Start of Raw data
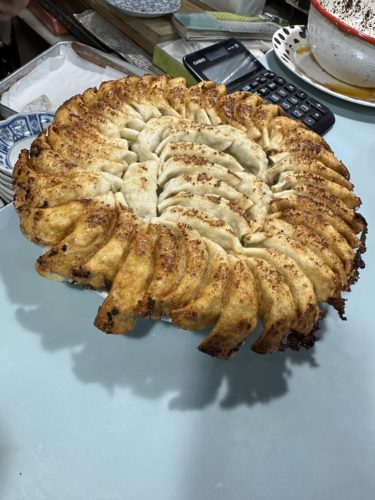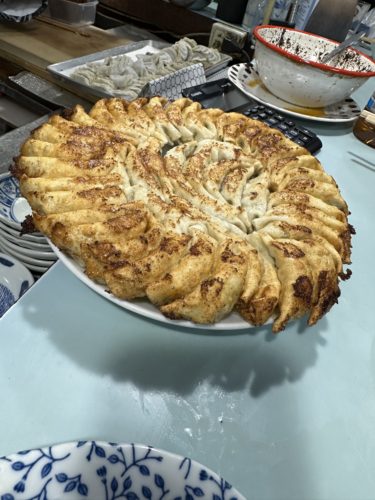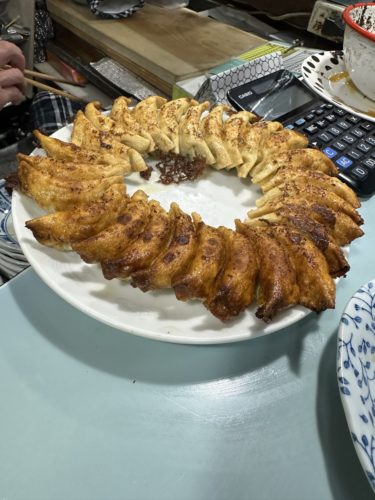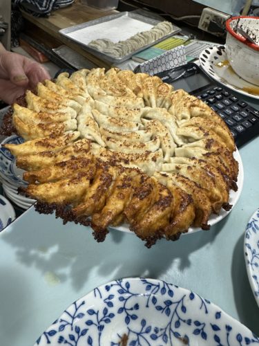 もやしを少しつまみながらビールをのみながら餃子が焼きあがるのを待ちます。お母さんがフライパンにぎっしり餃子を並べて焼いていただきます!
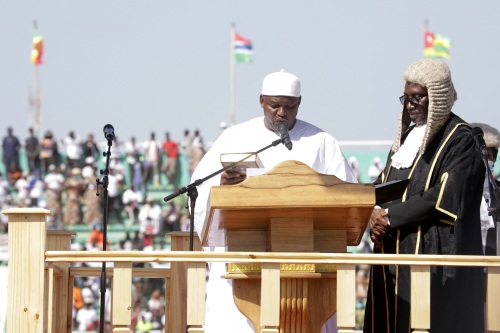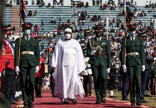 1月19日,冈比亚连任总统阿达马·巴罗在首都班珠尔出席就职仪式。 新华社/法新
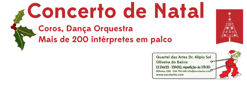 A Escola de Artes da Bairrada realizará os seus Concertos de Natal de 2015 no Quartel das Artes em Oliveira do Bairro no dia 13 de dezembro, com apresentações às 15h00 e às 17h30.
End of Raw data
Exercise:
Print the material word for word; images are to be left out.

Exercise result:
 もやしを少しつまみながらビールをのみながら餃子が焼きあがるのを待ちます。お母さんがフライパンにぎっしり餃子を並べて焼いていただきます!
 1月19日,冈比亚连任总统阿达马·巴罗在首都班珠尔出席就职仪式。 新华社/法新
 A Escola de Artes da Bairrada realizará os seus Concertos de Natal de 2015 no Quartel das Artes em Oliveira do Bairro no dia 13 de dezembro, com apresentações às 15h00 e às 17h30.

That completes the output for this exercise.